Kekekerasan seksual di masyarakat dianggap ke dalam ranah pribadi atau privasi terlebih lagi kekerasan seksual yang dilakukan di dalam keluarga atau dalam rumah tangga, sehingga banyak dari korban kekerasan seksual tidak mau melaporkan kasus kekerasan seksual yang terjadi kepada pihak berwenang. Dalam banyak kasus, bahkan korban tidak mau menceritakan apa yang mereka alami ke orang-orang terdekat mereka. Korban akan lebih cenderung memendam dan mengurung diri karena mereka malu dengan beredarnya stigma bahwa mereka tidak bisa menjaga kehormatannya.
Stigma buruk dari masyarakat ini menjadi “tembok penghalang” untuk para korban berani berbicara dan melaporkan apa yang mereka alami kepada pihak berwenang. Efek domino karena tidak banyak yang berani melaporkan kekerasan seksual, maka akan timbul kasus-kasus kekerasan sekual lagi dan lagi. Para “monster seksual” merasa dirinya aman karena adanya perlindungan dari “stigma buruk masyarakat”.

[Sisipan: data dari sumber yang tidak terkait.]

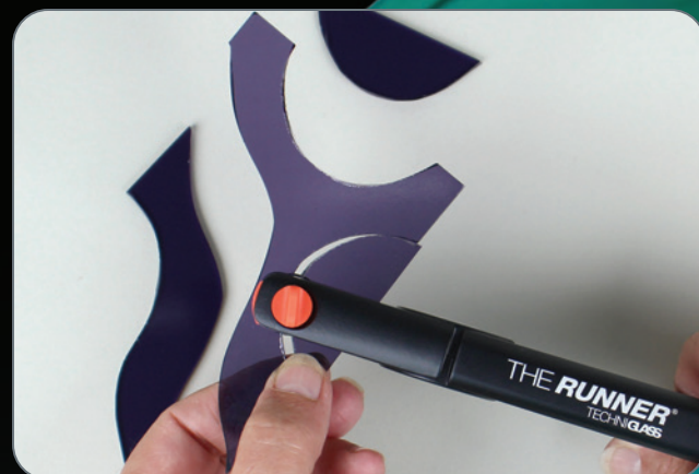
RUN SCORES ON INTRICATE SHAPES

You can use THE RUNNER ® to run long narrow strips, make perfect circles, run deep inside curves, and easily create a split-ring donut shape.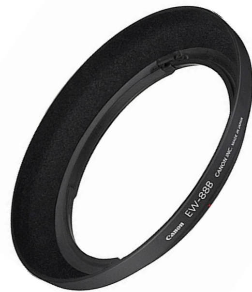
Canon EW-88B Lens Hood

I own two, both attached to my Tilt-Shift lenses for adaptation to my Sony cameras. This item has been discontinued. You can get the Sigma MC-11 or the Metabones V both excellent replacements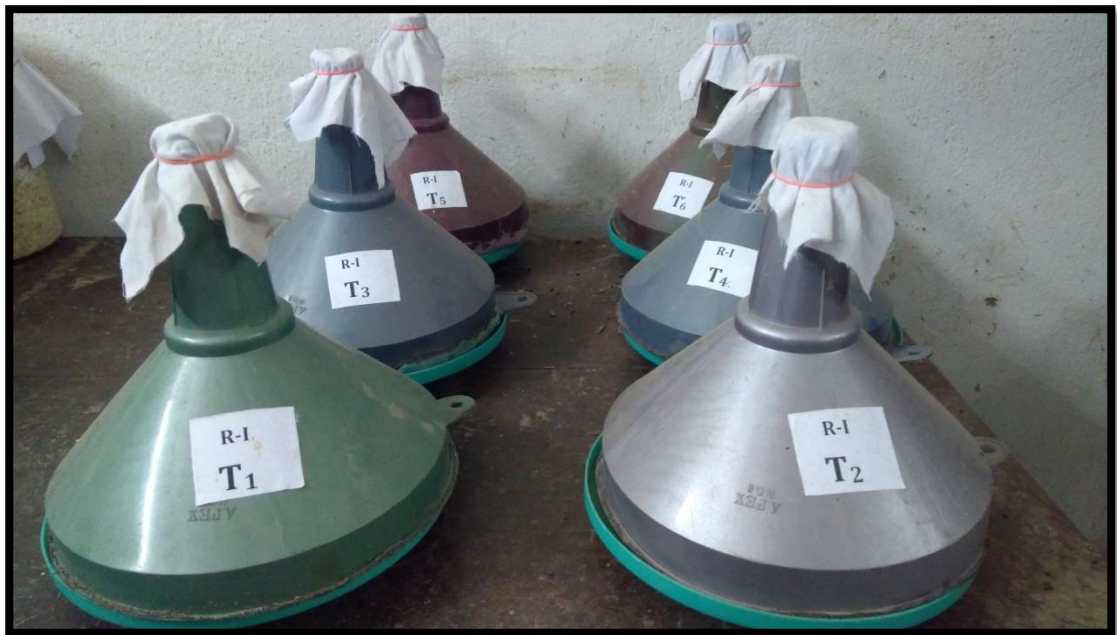
FIGURE 10. CLOSER VIEW OF THE EGG LAYING CAGES

Para korban kekerasan seksual akan mengalami berbagai dampak. Salah satu dampak yang langsung mereka alami adalah trauma terhadap kejadian yang dialami. Selain itu, mereka akan mendapatkan berbagai stigma buruk di masyarakat yang menyebabkan adanya gangguan psikologi, depresi, dan perubahan perilaku baik dari diri sendiri maupun lingkungan luar. Adanya dampak kesehatan seperti gangguan fungsi reproduksi, luka secara fisik, dan potensi penyakit menular seksual juga membayangi korban. Karena dampak yang begitu hebat tersebut tak jarang para korban kekerasan seksual lebih memilih untuk bunuh diri.
Stigma buruk bagi korban kekerasan seksual di masyarakat harus dihilangkan dengan memberikan edukasi kepada masyarakat bahwa korban harus dilindungi dna tidak perlu dilabeli berbagai hal. Pemberian edukasi ini tidak bisa dilakukan oleh pihak-pihak terkait seperti Komnas Perempuan atau pihak kepolisian saja, tetapi semua elemen masyarakat harus turut serta melakukan revolusi ke arah positif dengan mewujudkan masyarakat ramah dan aman kepada korban kekerasan seksual. Pemberian edukasi bahwa mereka korban dari hasrat seksual pelaku bukan karena perilaku dan penampilan korban juga diperlukan akibat masih banyaknya asumsi-asumsi masyarakat yang menyalahkan korban karena pakaian yang dikenakan korban atau korban berpergian sendiri.
Berhenti menganggap bahwa kekerasan seksual adalah sebuah aib yang harus dispan. Hal ini akan semakin membuat pelaku kekerasan seksual menjadi-jadi karena mereka merasa aman. Memberikan motivasi moril kepada korban kekerasan seksual sangat penting supaya mereka berani melapor. Pada dasarnya, korban membutuhkan orang yang dapat dipercaya untuk mereka berlindung dan merasa aman untuk mengatakan kejadian yang dialaminya.